Before leaving this discussion of how our altruism toward members of our societies might have evolved, I want to point out how the principle of identifying like-minded others invades another part of our lives: it is the same principle that governs our altruistic dispositions to favor our actual relatives, not just our honorary ones. Our nationalism really is a special case of a disposition to protect “our own.” Relatives, by definition, share many of their genes, so they are also likely to share any disposition that someone might have to “help relatives.” Surrounding yourself with relatives makes it likely you will receive as well as dispense benefits. There is nothing special about relatives, then, at least not from an evolutionary point of view, except that our relatives share many of their genes with us.

This weight of shared genes is why our familial nepotistic emotions are so strong—many genes are pulling in the same direction. In fact, the arbitrariness of the disposition we have toward relatives is revealed when we realize that we don’t really know who our relatives are—we merely assume they are the people around us in early life. This rule can go wrong, as when infants are mistakenly assigned to parents other than their own in hospital, but then reared normally with no one knowing. But this just proves that as we don’t really know who our relatives are, we use a rule of thumb. And that rule of thumb has worked well throughout our evolutionary past as a means of identifying people who are likely to share genes and hence our altruistic dispositions. Similar rules of thumb govern our dispositions to help other members of our societies.

Some readers might think the idea of a mutual aid society falls short of explaining cases in which our nepotistic help feels one-sided, as in the aid we altruistically pass on to our children. Many parents live in the probably vain hope that their children will return their favors one day. But if it is vain, why do we bother to help them so much? Thoughtful as it might be for children to help their parents, the altruistic tendencies we think of as our love for our children do not depend for their evolution on getting children to reciprocate.
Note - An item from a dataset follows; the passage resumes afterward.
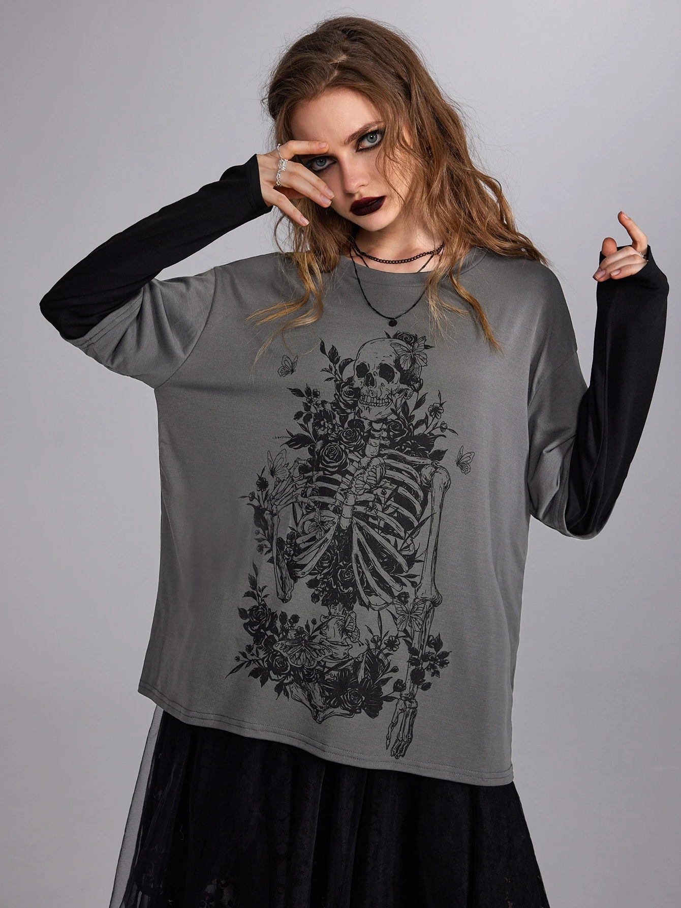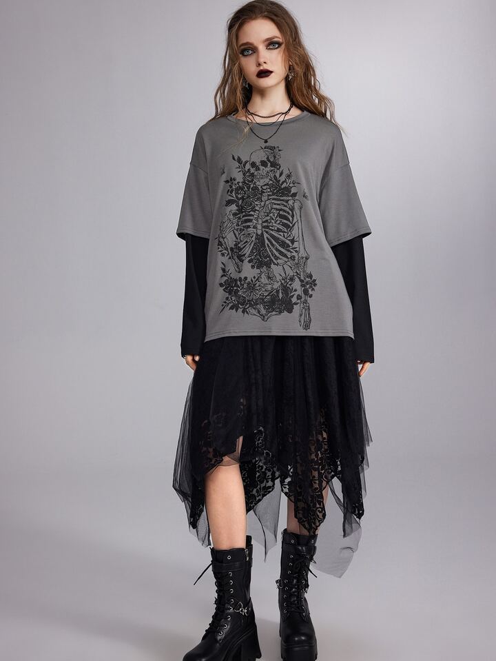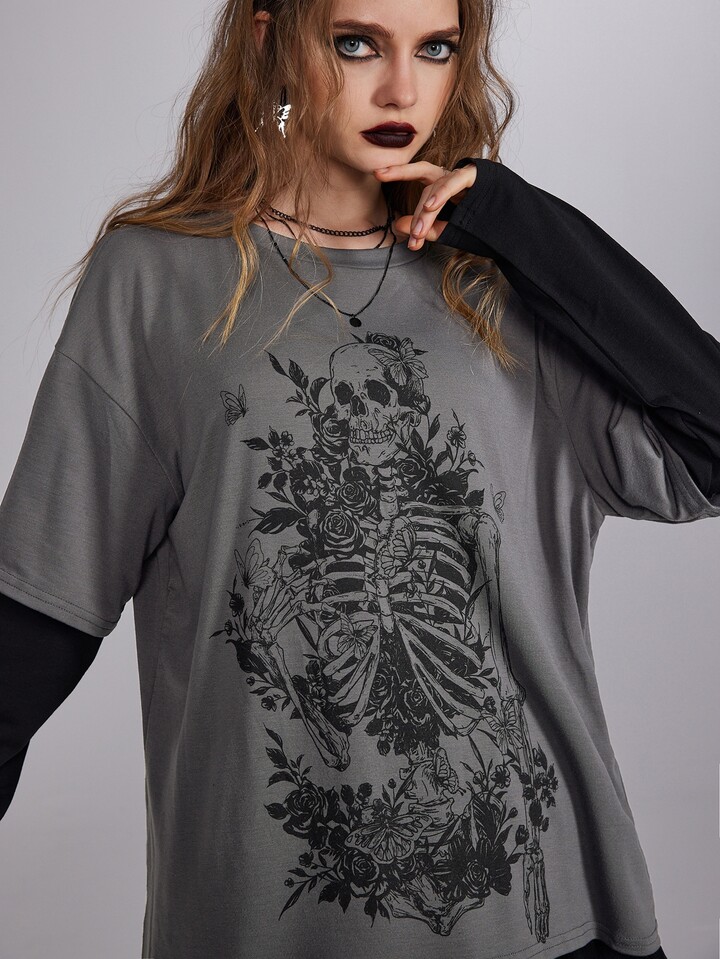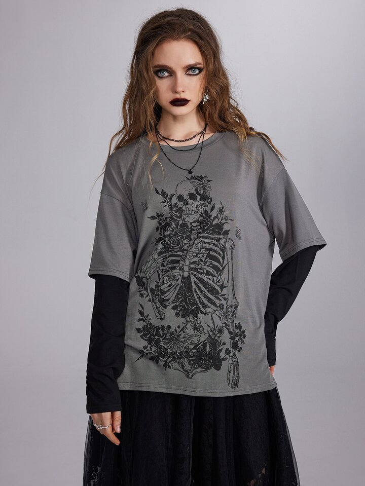 Maglietta con spalla cadenti 2 in 1 con grafica scheletro

In fact, to expect this reciprocity is to misunderstand the nature of the altruism we are attempting to explain. That altruism is not based on getting something back from the person you helped; instead, it is based on attracting benefits from others who share your disposition to behave altruistically. The principle of attracting benefits is still fulfilled in the parent-offspring relationship because most of us will have received the same sort of help from our own parents, with whom we probably share the genes for helping relatives. The familial mutual aid society is a generational one.

THE CO-EVOLUTION OF WAR, PAROCHIALISM,
AND MORALISTIC AGGRESSION

WHATEVER THE
social capabilities of the little jellylike amoebae, we can expect ours will be far more developed, and not just because of our vastly greater intelligence. The amoebae in their fleeting moments of building the tower are like Macbeth’s poor player, who “struts and frets his hour upon the stage, / And then is heard no more.” By comparison, all of human life is played out on the social stage, and so we are entitled to expect that selection will have acted strongly on the emotions we carry to make it work. Not only would genes, or culturally transmitted ideas, have spread that give us that warm glow from cooperating with other members of our group, but elements of an entire psychology of cooperation would have sprung up to encourage it. Having a conscience keeps us from straying into selfish territory; feeling guilt puts a brake on our appetites; empathy, by getting us to feel what others feel, helps us to be helpful to them, and also reduces any tendency to harm others because we can feel their pain; shame motivates us to put things right; and dispositions to be kind and generous build reputations and attract allies.